===== INPUT RECORDS

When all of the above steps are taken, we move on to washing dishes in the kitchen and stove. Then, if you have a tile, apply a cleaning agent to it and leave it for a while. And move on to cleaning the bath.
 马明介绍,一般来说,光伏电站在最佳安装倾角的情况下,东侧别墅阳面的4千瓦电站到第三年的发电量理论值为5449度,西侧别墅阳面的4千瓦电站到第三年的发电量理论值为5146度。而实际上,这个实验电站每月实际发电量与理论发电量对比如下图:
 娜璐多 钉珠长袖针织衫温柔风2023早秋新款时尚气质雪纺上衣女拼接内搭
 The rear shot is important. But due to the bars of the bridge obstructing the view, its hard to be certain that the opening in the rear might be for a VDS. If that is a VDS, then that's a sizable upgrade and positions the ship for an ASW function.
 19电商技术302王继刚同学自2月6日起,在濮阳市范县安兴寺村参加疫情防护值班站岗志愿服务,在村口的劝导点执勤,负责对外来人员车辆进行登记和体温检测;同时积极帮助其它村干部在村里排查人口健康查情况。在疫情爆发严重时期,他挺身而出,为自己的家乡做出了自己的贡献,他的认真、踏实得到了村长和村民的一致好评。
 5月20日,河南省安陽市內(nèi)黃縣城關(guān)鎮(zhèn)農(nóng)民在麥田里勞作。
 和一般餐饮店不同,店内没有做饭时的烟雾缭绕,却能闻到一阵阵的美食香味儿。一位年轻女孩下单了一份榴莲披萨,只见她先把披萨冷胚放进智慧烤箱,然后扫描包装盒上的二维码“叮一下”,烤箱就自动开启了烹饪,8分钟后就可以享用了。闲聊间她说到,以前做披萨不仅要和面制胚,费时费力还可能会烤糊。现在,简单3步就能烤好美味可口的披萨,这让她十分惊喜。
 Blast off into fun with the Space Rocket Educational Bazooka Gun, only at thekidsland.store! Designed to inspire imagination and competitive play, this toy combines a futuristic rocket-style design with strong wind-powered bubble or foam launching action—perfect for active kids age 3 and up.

==========
===== INPUT RECORDS

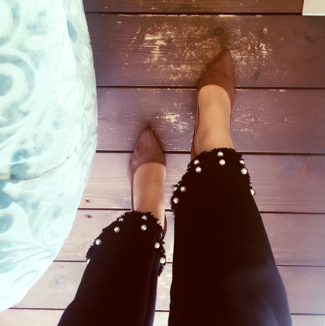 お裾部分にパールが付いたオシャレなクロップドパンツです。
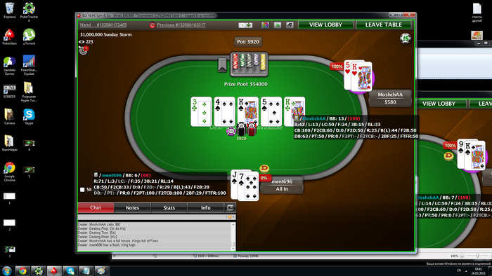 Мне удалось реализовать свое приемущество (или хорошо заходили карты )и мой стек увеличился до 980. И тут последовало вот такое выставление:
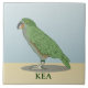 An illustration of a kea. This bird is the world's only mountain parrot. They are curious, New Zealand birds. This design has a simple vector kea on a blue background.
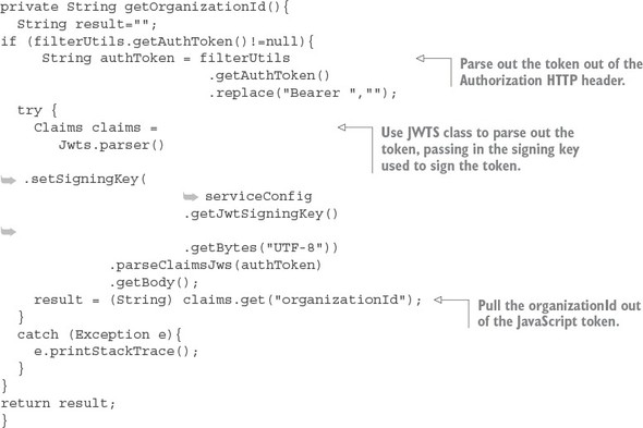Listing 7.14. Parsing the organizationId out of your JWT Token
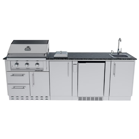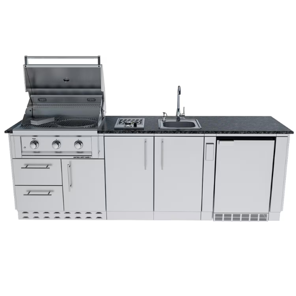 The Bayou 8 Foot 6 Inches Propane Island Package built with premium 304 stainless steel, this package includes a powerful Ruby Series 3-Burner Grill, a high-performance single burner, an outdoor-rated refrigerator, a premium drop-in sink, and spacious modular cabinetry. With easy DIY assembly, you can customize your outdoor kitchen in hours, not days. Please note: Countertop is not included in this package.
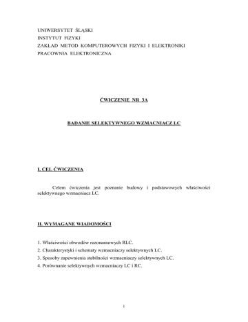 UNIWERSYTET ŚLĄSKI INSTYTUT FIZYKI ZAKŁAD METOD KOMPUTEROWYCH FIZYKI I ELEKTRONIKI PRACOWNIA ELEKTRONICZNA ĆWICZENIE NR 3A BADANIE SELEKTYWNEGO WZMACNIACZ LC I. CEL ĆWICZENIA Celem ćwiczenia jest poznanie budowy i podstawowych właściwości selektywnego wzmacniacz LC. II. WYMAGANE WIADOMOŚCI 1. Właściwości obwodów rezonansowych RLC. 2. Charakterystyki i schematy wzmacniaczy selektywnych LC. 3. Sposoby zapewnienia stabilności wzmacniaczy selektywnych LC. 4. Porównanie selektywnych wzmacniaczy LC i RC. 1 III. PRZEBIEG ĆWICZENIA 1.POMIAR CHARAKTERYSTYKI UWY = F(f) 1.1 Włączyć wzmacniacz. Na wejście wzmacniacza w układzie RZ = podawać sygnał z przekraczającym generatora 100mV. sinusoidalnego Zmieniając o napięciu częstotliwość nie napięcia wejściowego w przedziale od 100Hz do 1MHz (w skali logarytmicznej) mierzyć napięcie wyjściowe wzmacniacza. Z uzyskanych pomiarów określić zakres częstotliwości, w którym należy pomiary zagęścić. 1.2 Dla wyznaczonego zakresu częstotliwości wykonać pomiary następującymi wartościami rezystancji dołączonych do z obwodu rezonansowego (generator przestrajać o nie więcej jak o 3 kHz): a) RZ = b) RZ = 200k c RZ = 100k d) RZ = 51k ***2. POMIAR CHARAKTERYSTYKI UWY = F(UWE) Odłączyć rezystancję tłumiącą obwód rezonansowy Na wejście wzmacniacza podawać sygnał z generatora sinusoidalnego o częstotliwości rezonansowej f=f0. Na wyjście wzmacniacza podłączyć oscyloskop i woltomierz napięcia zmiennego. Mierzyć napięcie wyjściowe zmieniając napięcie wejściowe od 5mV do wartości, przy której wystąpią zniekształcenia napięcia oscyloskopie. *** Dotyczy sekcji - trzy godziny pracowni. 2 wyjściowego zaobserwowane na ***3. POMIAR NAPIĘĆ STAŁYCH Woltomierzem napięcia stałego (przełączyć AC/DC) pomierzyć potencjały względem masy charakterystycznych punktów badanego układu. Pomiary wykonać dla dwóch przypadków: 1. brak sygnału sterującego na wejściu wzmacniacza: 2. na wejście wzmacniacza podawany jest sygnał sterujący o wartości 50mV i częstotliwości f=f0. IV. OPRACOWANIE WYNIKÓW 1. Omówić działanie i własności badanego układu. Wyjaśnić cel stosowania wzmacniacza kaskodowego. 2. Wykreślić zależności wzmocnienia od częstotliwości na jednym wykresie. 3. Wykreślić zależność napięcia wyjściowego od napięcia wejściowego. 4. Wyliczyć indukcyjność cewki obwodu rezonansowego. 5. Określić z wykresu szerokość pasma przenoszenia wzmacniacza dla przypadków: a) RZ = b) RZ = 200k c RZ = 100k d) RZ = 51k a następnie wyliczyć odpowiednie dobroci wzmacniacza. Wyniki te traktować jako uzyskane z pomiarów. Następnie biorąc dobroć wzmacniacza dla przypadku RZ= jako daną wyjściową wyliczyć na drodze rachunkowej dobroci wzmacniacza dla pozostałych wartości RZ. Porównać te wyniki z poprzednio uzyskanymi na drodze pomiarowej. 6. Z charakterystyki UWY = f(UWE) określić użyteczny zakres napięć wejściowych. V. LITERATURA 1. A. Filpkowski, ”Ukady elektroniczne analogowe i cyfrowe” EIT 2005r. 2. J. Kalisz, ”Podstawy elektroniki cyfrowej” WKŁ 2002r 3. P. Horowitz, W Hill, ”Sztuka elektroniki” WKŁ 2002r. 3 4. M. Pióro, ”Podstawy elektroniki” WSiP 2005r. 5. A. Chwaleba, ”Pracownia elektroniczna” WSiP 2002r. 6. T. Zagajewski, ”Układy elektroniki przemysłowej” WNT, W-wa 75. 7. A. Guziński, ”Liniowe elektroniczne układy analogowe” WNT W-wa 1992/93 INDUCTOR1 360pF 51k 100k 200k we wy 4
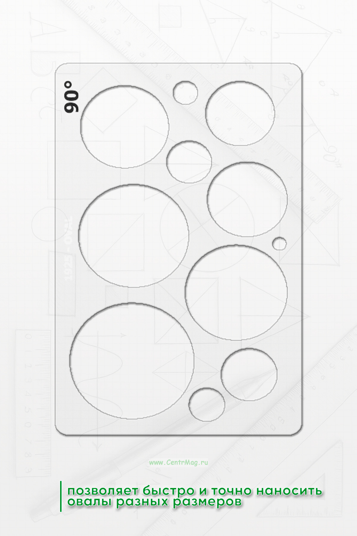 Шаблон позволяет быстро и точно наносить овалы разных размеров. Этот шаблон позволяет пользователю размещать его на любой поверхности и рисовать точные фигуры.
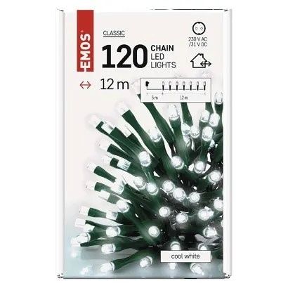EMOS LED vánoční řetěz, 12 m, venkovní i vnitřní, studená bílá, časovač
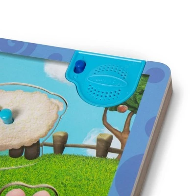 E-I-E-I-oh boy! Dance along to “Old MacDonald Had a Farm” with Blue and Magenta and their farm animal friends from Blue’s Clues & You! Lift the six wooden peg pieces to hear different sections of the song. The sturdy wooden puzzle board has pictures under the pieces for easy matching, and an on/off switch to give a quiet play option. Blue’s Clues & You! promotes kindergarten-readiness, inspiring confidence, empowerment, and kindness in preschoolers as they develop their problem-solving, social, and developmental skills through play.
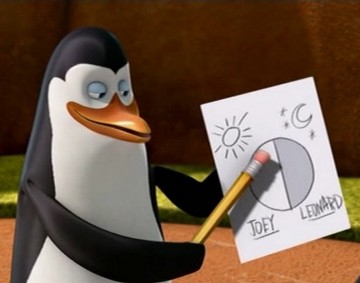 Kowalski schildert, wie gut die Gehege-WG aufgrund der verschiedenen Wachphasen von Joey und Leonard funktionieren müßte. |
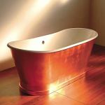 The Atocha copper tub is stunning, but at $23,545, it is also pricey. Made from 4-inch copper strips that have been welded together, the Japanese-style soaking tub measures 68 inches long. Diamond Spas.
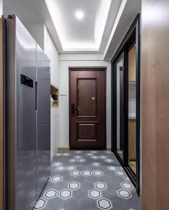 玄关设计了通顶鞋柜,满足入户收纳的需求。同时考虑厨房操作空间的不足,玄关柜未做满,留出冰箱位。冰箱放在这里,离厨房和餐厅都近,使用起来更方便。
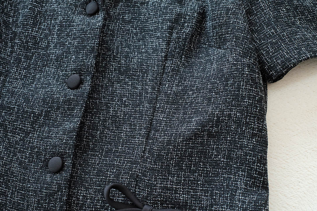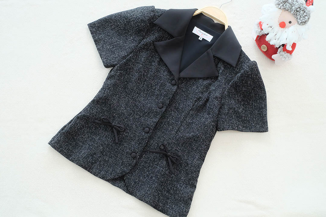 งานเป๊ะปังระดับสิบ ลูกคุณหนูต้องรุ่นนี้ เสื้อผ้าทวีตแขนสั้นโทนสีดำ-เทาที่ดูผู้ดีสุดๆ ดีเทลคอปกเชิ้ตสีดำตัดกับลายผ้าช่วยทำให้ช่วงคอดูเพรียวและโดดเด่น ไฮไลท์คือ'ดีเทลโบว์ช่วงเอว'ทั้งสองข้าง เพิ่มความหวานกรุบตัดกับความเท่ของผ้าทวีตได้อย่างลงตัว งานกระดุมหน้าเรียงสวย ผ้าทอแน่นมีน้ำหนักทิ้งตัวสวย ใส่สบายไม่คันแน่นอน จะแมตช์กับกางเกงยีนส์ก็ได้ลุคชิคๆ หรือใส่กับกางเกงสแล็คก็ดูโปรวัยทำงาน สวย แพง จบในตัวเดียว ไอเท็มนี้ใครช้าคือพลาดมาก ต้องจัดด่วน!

==========

Would you transcribe the lines above exactly, going from the line bearing "お裾部分にパールが付いたオシャレなクロップドパンツです。" through the line bearing "The Bayou 8", and drop the pictures from the copy?

(TASK ANSWER):
 お裾部分にパールが付いたオシャレなクロップドパンツです。
 Мне удалось реализовать свое приемущество (или хорошо заходили карты )и мой стек увеличился до 980. И тут последовало вот такое выставление:
 An illustration of a kea. This bird is the world's only mountain parrot. They are curious, New Zealand birds. This design has a simple vector kea on a blue background.
Listing 7.14. Parsing the organizationId out of your JWT Token
 The Bayou 8 Foot 6 Inches Propane Island Package built with premium 304 stainless steel, this package includes a powerful Ruby Series 3-Burner Grill, a high-performance single burner, an outdoor-rated refrigerator, a premium drop-in sink, and spacious modular cabinetry. With easy DIY assembly, you can customize your outdoor kitchen in hours, not days. Please note: Countertop is not included in this package.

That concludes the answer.